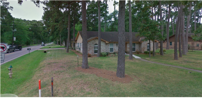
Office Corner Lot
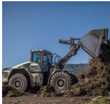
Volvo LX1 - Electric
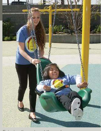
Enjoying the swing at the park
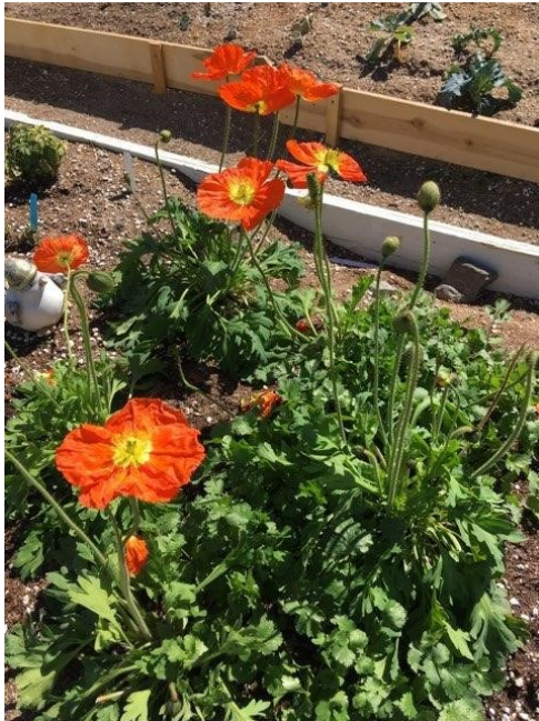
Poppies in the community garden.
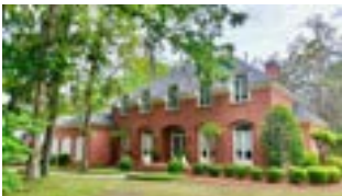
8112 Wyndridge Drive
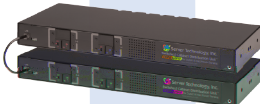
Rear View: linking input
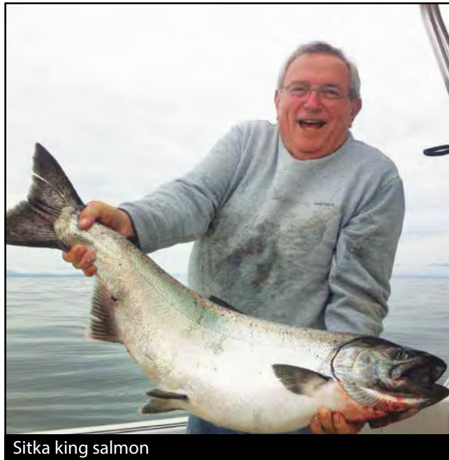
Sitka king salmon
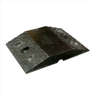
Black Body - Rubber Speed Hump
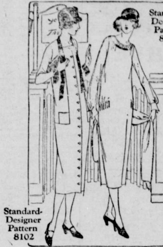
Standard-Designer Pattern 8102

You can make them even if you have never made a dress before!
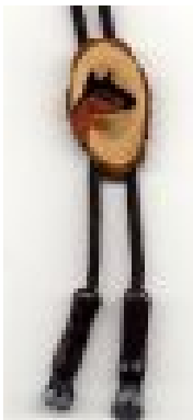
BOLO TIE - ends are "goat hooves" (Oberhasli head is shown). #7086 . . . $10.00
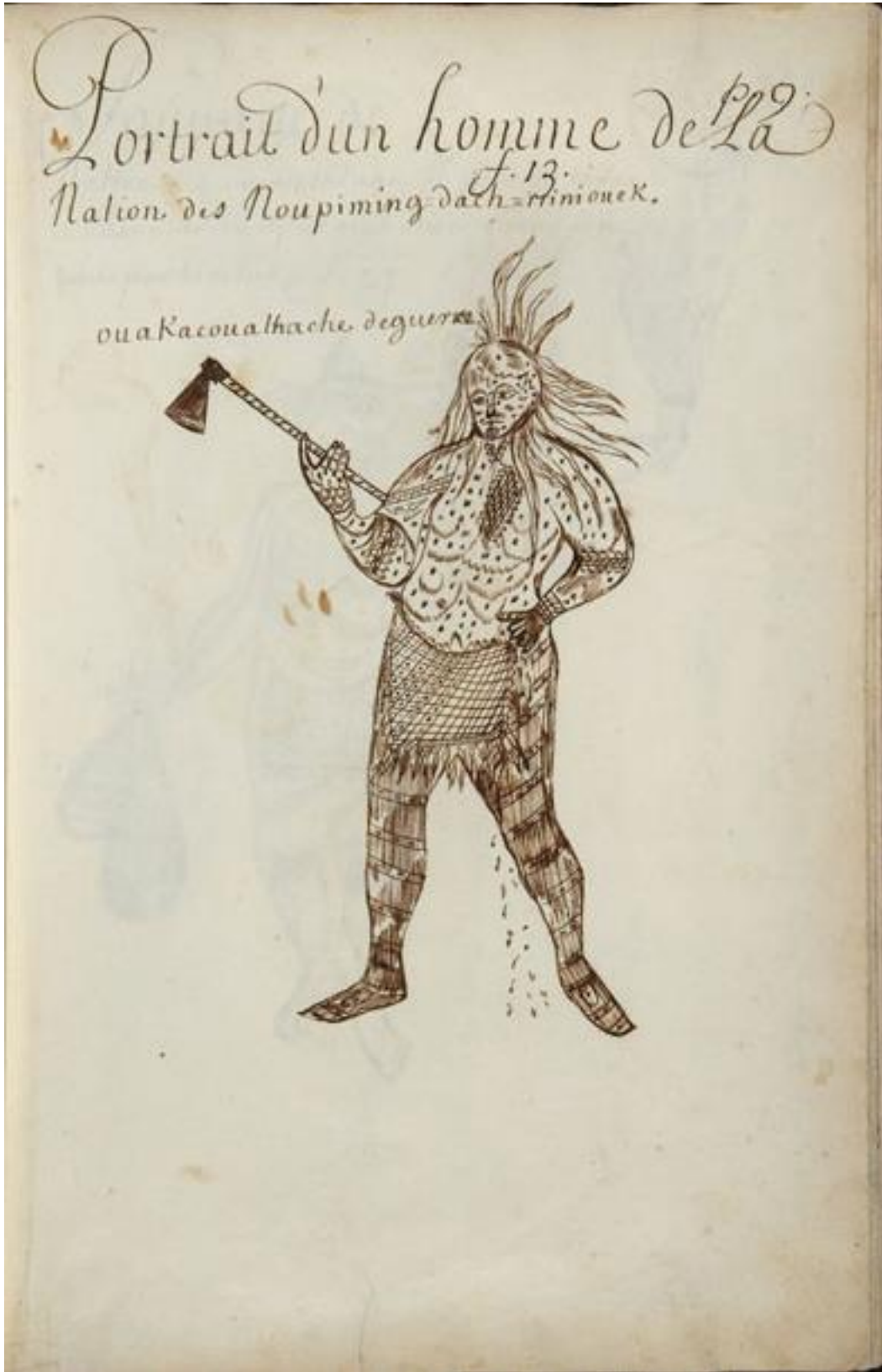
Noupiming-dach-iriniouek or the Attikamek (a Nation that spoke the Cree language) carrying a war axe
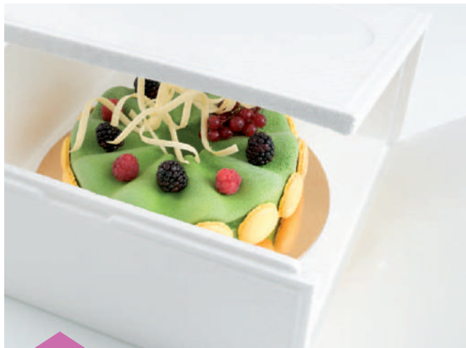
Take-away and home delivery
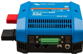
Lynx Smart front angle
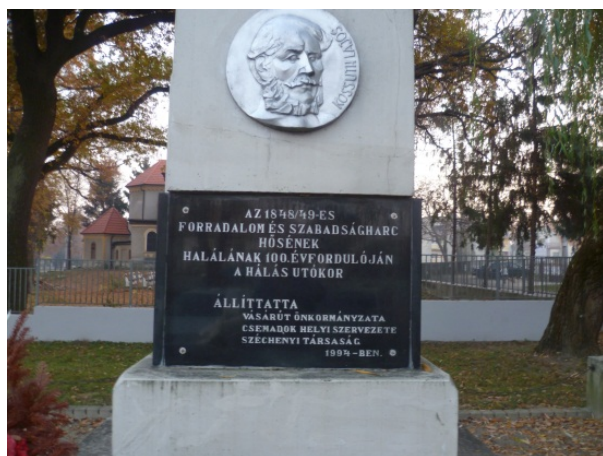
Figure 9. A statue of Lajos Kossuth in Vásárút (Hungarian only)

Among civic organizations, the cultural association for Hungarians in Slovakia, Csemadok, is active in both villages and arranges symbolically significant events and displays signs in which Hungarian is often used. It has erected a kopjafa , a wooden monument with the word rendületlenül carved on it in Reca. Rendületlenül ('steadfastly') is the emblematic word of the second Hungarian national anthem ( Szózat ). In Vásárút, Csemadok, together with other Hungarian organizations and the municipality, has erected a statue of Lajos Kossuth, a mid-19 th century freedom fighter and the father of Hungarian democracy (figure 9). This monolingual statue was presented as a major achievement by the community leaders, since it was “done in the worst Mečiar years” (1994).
####
No picture should be included when the data are set down again exactly.

The completed task:
Office Corner Lot
Volvo LX1 - Electric
Enjoying the swing at the park
Poppies in the community garden.
8112 Wyndridge Drive
Rear View: linking input
Sitka king salmon
Black Body - Rubber Speed Hump
Standard-Designer Pattern 8102

You can make them even if you have never made a dress before!
BOLO TIE - ends are "goat hooves" (Oberhasli head is shown). #7086 . . . $10.00
Noupiming-dach-iriniouek or the Attikamek (a Nation that spoke the Cree language) carrying a war axe
Take-away and home delivery
Lynx Smart front angle
Figure 9. A statue of Lajos Kossuth in Vásárút (Hungarian only)

Among civic organizations, the cultural association for Hungarians in Slovakia, Csemadok, is active in both villages and arranges symbolically significant events and displays signs in which Hungarian is often used. It has erected a kopjafa , a wooden monument with the word rendületlenül carved on it in Reca. Rendületlenül ('steadfastly') is the emblematic word of the second Hungarian national anthem ( Szózat ). In Vásárút, Csemadok, together with other Hungarian organizations and the municipality, has erected a statue of Lajos Kossuth, a mid-19 th century freedom fighter and the father of Hungarian democracy (figure 9). This monolingual statue was presented as a major achievement by the community leaders, since it was “done in the worst Mečiar years” (1994).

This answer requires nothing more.